Hakeem Jeffries has been in the state assembly since 2006. Just because he gave a speech at an Occupy rally does not necessarily mean that he would be an "Occupy" candidate in my mind. I was hoping this would be a list of people who had not previously sought office or at least those primarily inspired by the occupy movement.
posted by mattbucher at 1:51 PM on March 14


Hakeem is what we call at #OWS #NYCGA a p/t occupier. He got arrested during the eviction and he's part of the #OccupyHarlem GA.

If we actually endorsed candidates, Hakeem would be #1 on the list, tied with Ydanis Rodriguez, a city councilman who was arrested also during the raid.

Josh knows better than to imply #OWS is in the business of getting people elected. He's actually stating the opposite: these are candidates who have eagerly embraced our "talking points". some like Elizabeth Warren because it sorta kinda makes sense; but others like Hakeem because he *is* an occupier.
posted by liza at 9:49 PM on March 14, 2012 [1 favorite]


I would be interested in knowing if/how much Occupy-types/greens/real progressives are on local & state ballots this year.

The Scott Walker fiasco in Wisconsin has, without any qualification whatsoever, spurred hundreds or even thousands of people into politics who only before ever voted. We have candidates running for city council, county board, state assembly, and in recall elections, state senate who have hardly any political experience but feel called to action. Many of them were inspired by marching around the state capitol last year in the demonstrations which sometimes topped 100,000.

This isn't Occupy per se, but Occupy has sort of run second fiddle here to our anti-Walker movement.

I have heard of similar things, on a smaller scale, taking place in Michigan and Ohio.
posted by dhartung at 11:09 PM on March 14, 2012 [3 favorites]


If we actually endorsed candidates, Hakeem would be #1 on the list...

Thanks for the info on this. I appreciate it.
posted by mattbucher at 7:20 AM on March 15, 2012




Hmmm...looks like the Occupy/organized labor alliance is breaking:
“It won’t happen,” said Stuart Appelbaum, president of the Retail, Wholesale and Department Store Union and one of the first labor leaders to embrace the Occupy movement. “They are not working with the unions in a serious way yet; nor are the unions working with them in a serious way. And it is the wrong strategy.”

[...]

The difference isn’t just one of tactics: Despite public expressions of solidarity, labor leaders say privately that they’ve been frustrated by their inability to build a long-term relationship with the leaderless movement. Instead, they’re beginning to plan a day of protest later this year in support of the right to organize.
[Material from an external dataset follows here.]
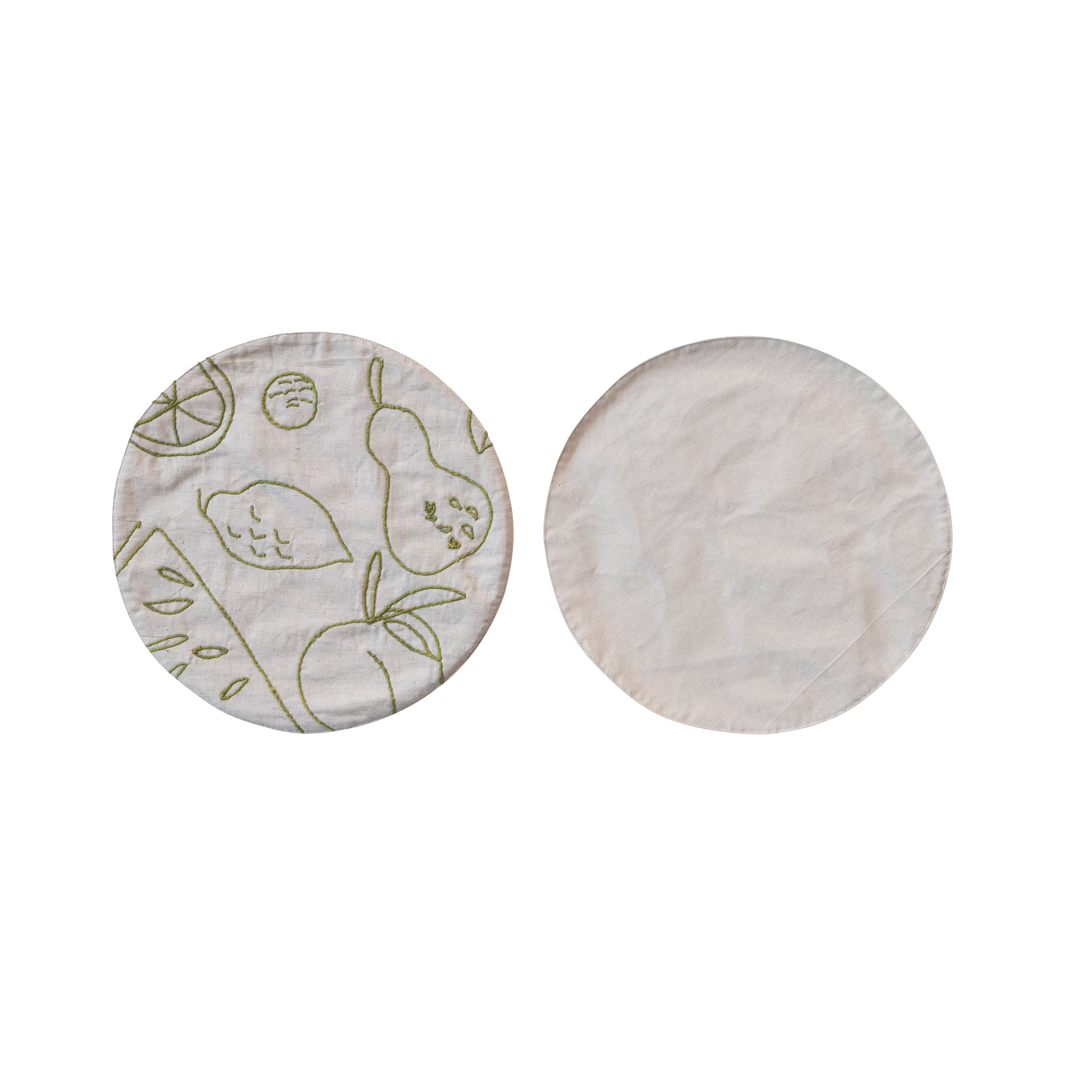 15" R Cotton & Linen Placemat w Fruit, Natural & Green

None of the union leaders BuzzFeed spoke with said they’d been contacted by occupiers about plans for a strike, a silence that has made the grand talk of a general strike even more puzzling to people whose members are familiar with picket lines.
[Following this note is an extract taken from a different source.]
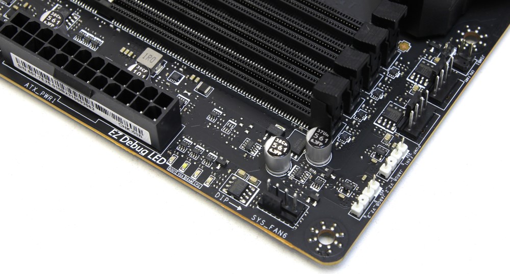Рядом с основным коннектором питания ATX находится группа из четырёх светодиодов, которые показывают прохождение загрузки и инициализации процессора, памяти, видеокарты и накопителя.

“A general strike is a very specific thing,” said Bob Master, co-chairman of the Working Families Party and the legislative and political director of Communication Workers of America District 1. “It’s when all the workers in a city decide that they’re not working. It’s not when an outside group says, ‘How about we stop working for a day because we’ve got a set of demands that you weren’t part of formulating.’”
And this kind of pisses me off:
“Frankly there's not enough union people in this country anyway, so even if you made every union person strike, you still couldn’t have everyone not working,” said Jeff Smith, an organizer since the beginning of Occupy.
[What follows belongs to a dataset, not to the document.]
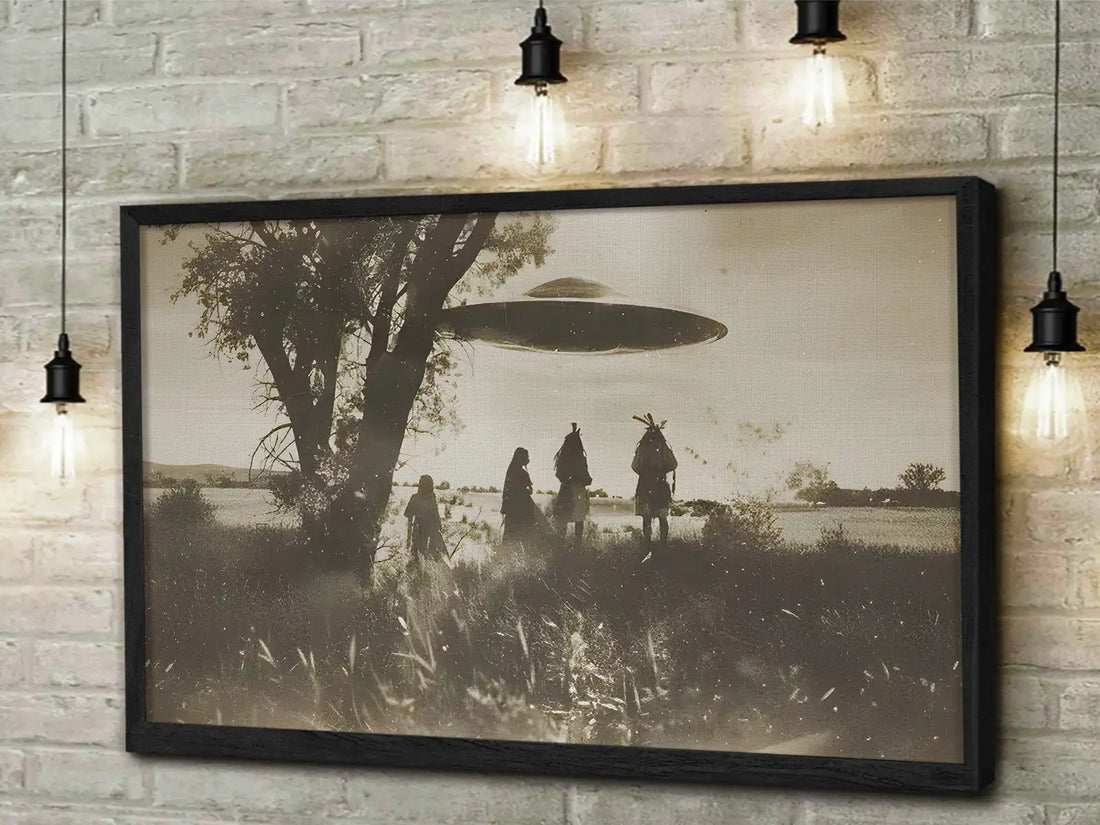 Vintage UFO Wall Art, Native American Mystery Canvas Decor

“It’s about getting enough people to opt out of what their normal equation is,” Smith said. “Even if you just stay home and watch TV, in some ways you'll have participated in this.”
Way to miss the point, Jeff Smith.
posted by zombieflanders at 6:27 AM on March 20, 2012


I'd love a general strike if someone could pay my bills when I get fired. Seriously, the concept just doesn't make any sense to the average non-union person. People are terrified of losing their jobs in this economy, especially in at-will states. I'm all for solidarity, but I like to eat, too.
posted by desjardins at 12:23 PM on March 20, 2012


I'm donno if it's new legislation or implementating existing legislation, all the OWS groups are posting about Iceland forgiving mortgage debt.